◆ Work to be completed
Your copy of the entries below should hold exactly the lines from the one containing "Dark Green Poly" to the one containing "This chocolate mousse", inclusive, and no pictures.

(Extracted information)

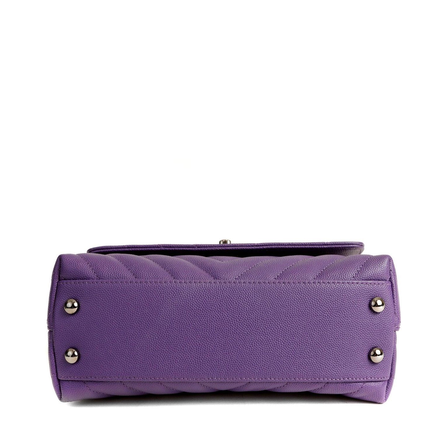 Chanel Chevron Caviar Royal Purple Mini Coco Handle Flap Bag w/ Silver Hardware
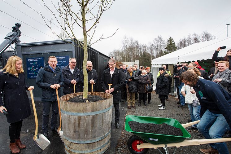 Biokol som framställts i anläggningen körs fram av projektledaren Mattias Gustafsson, för den officiella invigningen - trädplantering med biokol.
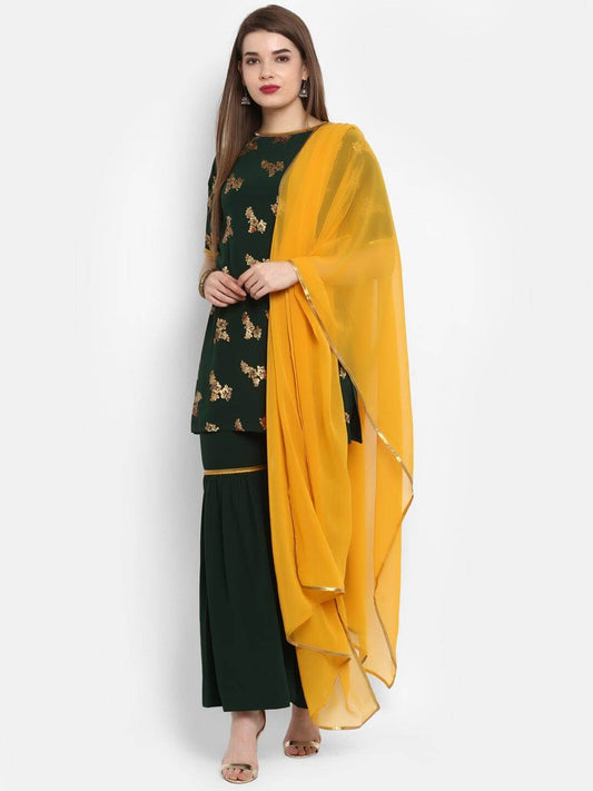 Dark Green Poly Crepe Gold Print Kurti with Sharara and Dupatta
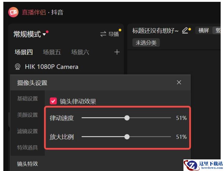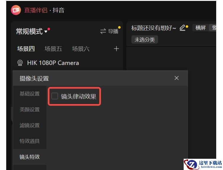 1、打开摄像头设置页面,在镜头特效栏中勾选“镜头律动效果”,即可生效
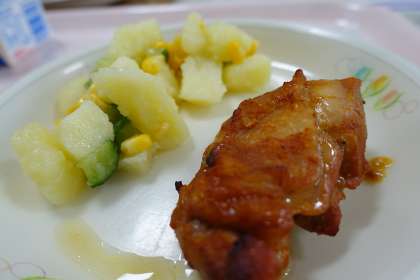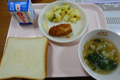 食パン、牛乳、タンドリーチキン、マエドアンサラダ、春雨スープ
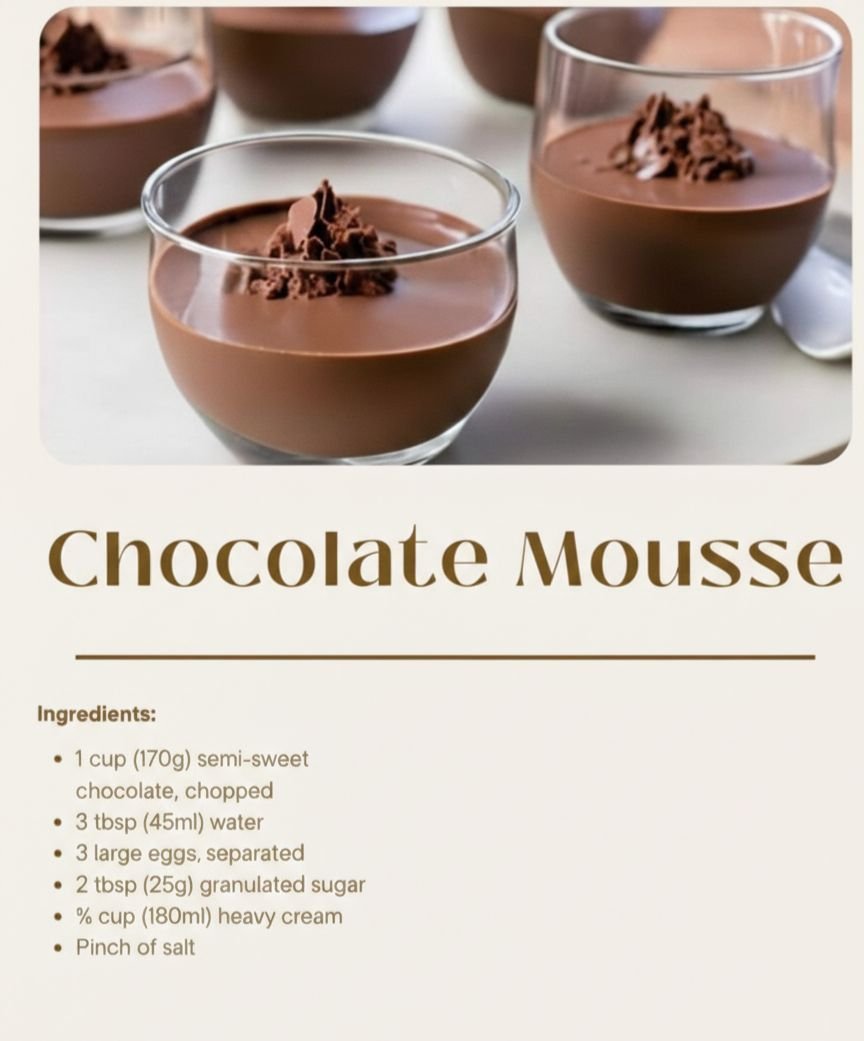 This chocolate mousse is smooth, fluffy, and rich in flavor, made with simple ingredients and gentle folding to keep it airy.
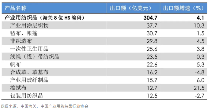 表2 2024年1-9月產業用紡織品行業及主要產品出口情況

(End Extracted information)

◆ The completed task
 Dark Green Poly Crepe Gold Print Kurti with Sharara and Dupatta
 1、打开摄像头设置页面,在镜头特效栏中勾选“镜头律动效果”,即可生效
 食パン、牛乳、タンドリーチキン、マエドアンサラダ、春雨スープ
 This chocolate mousse is smooth, fluffy, and rich in flavor, made with simple ingredients and gentle folding to keep it airy.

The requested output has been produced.